Next to Mesa Verde, Bandelier National Monument in northern New Mexico is the most visited archaeological park in America. Yet precious little is known about the ancestral Puebloan people who lived there from about A.D.1150 to 1600 in a setting that’s as spectacular as it is unforgiving. While a few of the earliest Americans made Bandelier home, its population ballooned dramatically after A.D. 1300, roughly the same time Mesa Verde and the entire Four Corners region was being abandoned. Many of those refugees made their way to the safety of what we now call Bandelier, where they flourished until moving to modern pueblos in the nearby Rio Grande Valley.

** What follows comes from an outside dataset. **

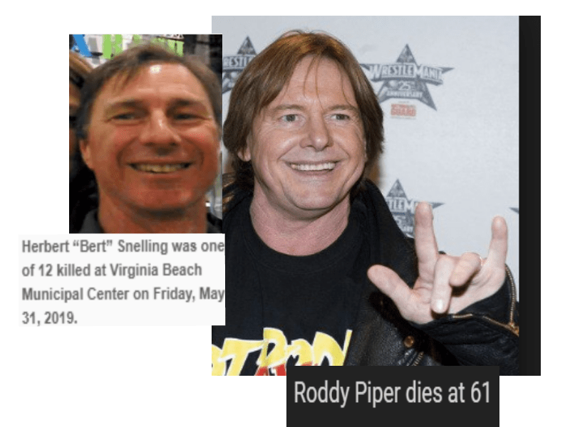 June 4, 2019 Virginia Beach shooting victim, HERBERT ‘BERT” SNELLING = RODNEY PIPER, (not) dead TV wrestler … Exposed here 1st! Share this: Share on X (Opens in new window) X Share on Facebook (Opens in new window) Facebook Like Loading... Related

National Park Service archaeologist Bob Powers has assembled 17 noted archaeologists, historians, ecologists, and Puebloan scholars to tell the story of this isolated plateau in the Jemez Mountains that is also home to Los Alamos National Laboratory and the atomic bomb. This richly illustrated volume is written for lay people, and it informs the public of much of the new research resulting from three recent projects. The Bandelier Archaeological Survey was directed by Powers and recorded nearly 2,000 archaeological sites in the 33,000-acre monument. The eight-year Pajarito Archaeological Research Project was directed by James N. Hill of U.C.L.A., and six sites were tested by Timothy A. Kohler’s Bandelier Archaeological Excavation Project.
This wealth of new data shows that Bandelier and the surrounding plateau saw a number of dramatic changes in which Pueblo people moved in and out as conditions allowed. It is an area still used and held sacred by nearby Pueblo people. Every visitor to the dramatic sites of Bandelier National Monument will want this book, as will every student of the American Southwest.